My thoughts on this would be that if someone KNOWS how to use vlookup or Sumproduct and not just being able to parrot the formula, would already be at a level of compentance that formating and page setup would be a given.  For instance, there's a girl, here at the office, that  I taught how to use vlookup.  She doesn't understand why it works, just that it does work.  Anything out of left field she just wouldn't be able to handle.  Questions like 
1.  If you have a vlookup formula that is correct, and data that matches on the two lists, but are still getting a #N/A error.  What's causing the problem?
Would filter out the chafe from the real user.
Answer:  Text versus numeric formating.  Leading or trailing spaces.

If they can answer these type's questions correctly, then I'm pretty sure any type of formating is not beyond them.

HTH
Cal


----------



## Greg Truby (Feb 10, 2006)

> What could you buy for 1866335 Venezuelan Bolivars?
> -Norie


Un tiquete de avion a Liberia, Costa Rica y unos días en unas playas ticas.  Pero también Curaçao está cerca.

An airplane ticket to Liberia, Costa Rica and a few days on Costa Rican beaches.  Though Curaçao is also close.


----------



## Norie (Feb 10, 2006)

Greg

Shouldn't that be posted in the newly named 'Questions in Other Languages' forum?


----------



## Mark O'Brien (Feb 11, 2006)

> I 2<sup>nd</sup> Mark; though I'd say Mark's describing the "median" Excel user, since you've got yer outliers like Cal & Richard who are so far above the typical user that they would skew the "average".



No I was talking about the arithmetic mean.  Although the median and the mode would probably give similar results.

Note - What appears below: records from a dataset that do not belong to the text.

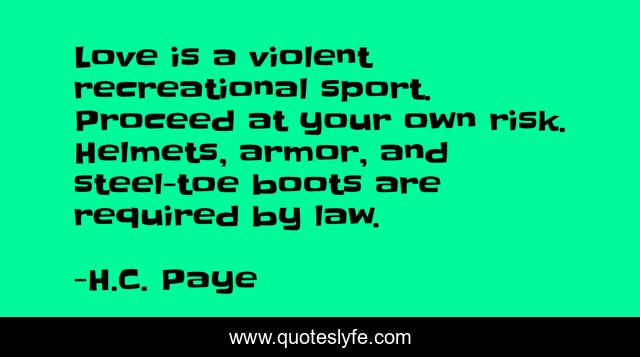 This page presents the quote "Love is a violent recreational sport. Proceed at your own risk. Helmets, armor, and steel-toe boots are required by law.". Author of this quote is H.C. Paye. This quote is about broken-heart, helmets, love, risk, armor, violence, sports, safety, law,.
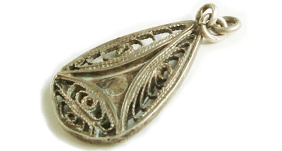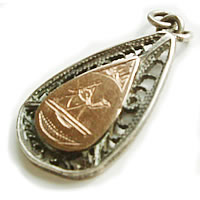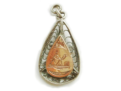魅力ある1920年代ドロップ形のアンティークチャームです。中央にあるラクダに乗った人の絵が何とも言えないカワイサ。絵のパーツは、年代を感じさせないくらい、とてもきれいなブロンズです。
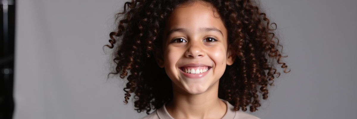 EBONY : Petite fille métisse, cheveux crépus ou très frisés. Âge : 6 à 9 ans. Sourire espiègle, énergie vive et expressive.
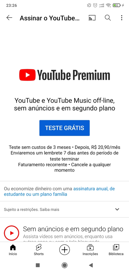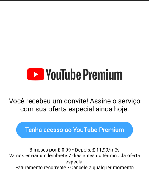 Assinatura do YouTube Premium de 3 meses por 1,99

Anyone that uses Excel is a user.  Millions of people use Excel but comparatively few are particularly skilled.  Like I said, the average user might know how to use SUM.  Chances are, the average user might still use A1+A2+A3.  (then spend 5 minutes tying to figure out why that doesn't work before puttin in the "=" sign)


----------



## Norie (Feb 11, 2006)

Mark

I've seen people use SUM like this.

=SUM(A1-A2)


----------



## Smitty (Feb 11, 2006)

> the average user might still use A1+A2+A3



Our CFO still uses that! But he's a die hard Lotus user too. 

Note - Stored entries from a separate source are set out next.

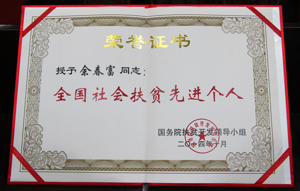 縣扶貧辦積極推崇“康美來精神”。去年全國扶貧日舉行“全國社會扶貧先進個人”推薦活動中,康美來科技有限公司董事長余春富榮獲“全國社會扶貧先進個人”光榮稱號,活動儀式上,縣扶貧辦社會扶貧股股長汪維清為余春富頒發榮譽證書,對康美來公司的凡人善舉行為表示感謝,并希望余春富董事長帶領各位經銷商老總們,能始終如一地開展捐資助學活動。
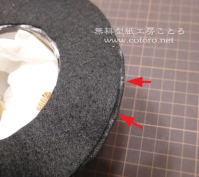 【18】ボンドがはみ出ないように、サイド(フェルト)の端も巻き付けます。もし、ボンドがフェルトについた場合はウェットティッシュなどで軽くつまむようにふき取ってください。
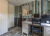 Op de begane grond de ruime keuken met houtkachel en nette keukeninrichting met apparatuur zoals een 5-pits fornuis met oven en verder de trapopgang met een provisieruimte; sfeervolle woonkamer met houten vloer en een 2e houtkachel, een aparte studeer-/werkkamer en een eetkamer met provisieruimte in de aanbouw. Vanuit de keuken toegang tot een gang met toiletruimte v.v. een toilet en fontein, een moderne badkamer met 2e toilet (hangcloset), douchecabine, dubbele wastafelmeubel en designradiator; tenslotte twee slaapkamers waarvan de hoofdslaapkamer voorzien is van 2 vaste kasten, airconditioning en openslaande deuren naar een veranda.

As for the skill set needed for Excel, I'd say that a lot of it is being able to understand conceptually what you can do with the program and then being able to apply that knowledge to it.  (Patience and the ability to read the helpfile is a plus).  For instance, I think my first "complicated" formula was along the lines of a VLOOKUP.  I "knew" what I wanted to do, knew it was possible and figured it out.  

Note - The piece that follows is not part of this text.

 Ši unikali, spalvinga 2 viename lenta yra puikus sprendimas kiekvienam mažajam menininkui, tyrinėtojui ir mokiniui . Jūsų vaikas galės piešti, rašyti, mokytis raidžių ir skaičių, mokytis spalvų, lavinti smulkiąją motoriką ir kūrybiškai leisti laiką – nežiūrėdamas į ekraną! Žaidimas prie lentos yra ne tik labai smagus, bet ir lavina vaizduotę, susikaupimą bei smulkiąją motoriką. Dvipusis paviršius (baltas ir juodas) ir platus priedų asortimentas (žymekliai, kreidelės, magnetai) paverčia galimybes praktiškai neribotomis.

Although in my office, 99% of my users are folks who still do sales charts & stack rankings on 24x36 paper, without taking advantage of the wide format HP plotter we've had for years (despite being told about it repeatedly).  Granted, a cusp-of-technology business (in terms of users) we're not.  My frame of reference with regards to user-competence is here.  (Yes, that was a compliment...)

Smitty


----------



## Felix Atagong (Feb 13, 2006)

An average user would not, I repeat: NOT, send offers to a client in Excel with rows, columns or sheets hidden, especially when these contain information the client must not see. It's a tragedy I still encounter a lot...   Some people even don't bother to erase the formulae, so you see something like =Cost!A1*1.15. 

My holding company once send me a cost tariff, absolute cost, no extra charges, cross my heart and swear to god... unless I did an unhide and found out the real cost that was 15% less...

And I've got this client who sends me daily a (hidden) sheet that contains his complete clients database, names, adresses, phonenumbers... just to let me know what kind of product he wants to order from me... (I don't do anything with it, honest, I'm ethical enough for that, until the day he decides to go to the compettion - I'll know who to contact then  :wink: )


----------



## LySeRGinator (Feb 13, 2006)

> My holding company once send me a cost tariff, absolute cost, no extra charges, cross my heart and swear to god... unless I did an unhide and found out the real cost that was 15% less...



loooooool.. priceless  Obviously something to casually bring into any further negotiations with this particular client lol....


----------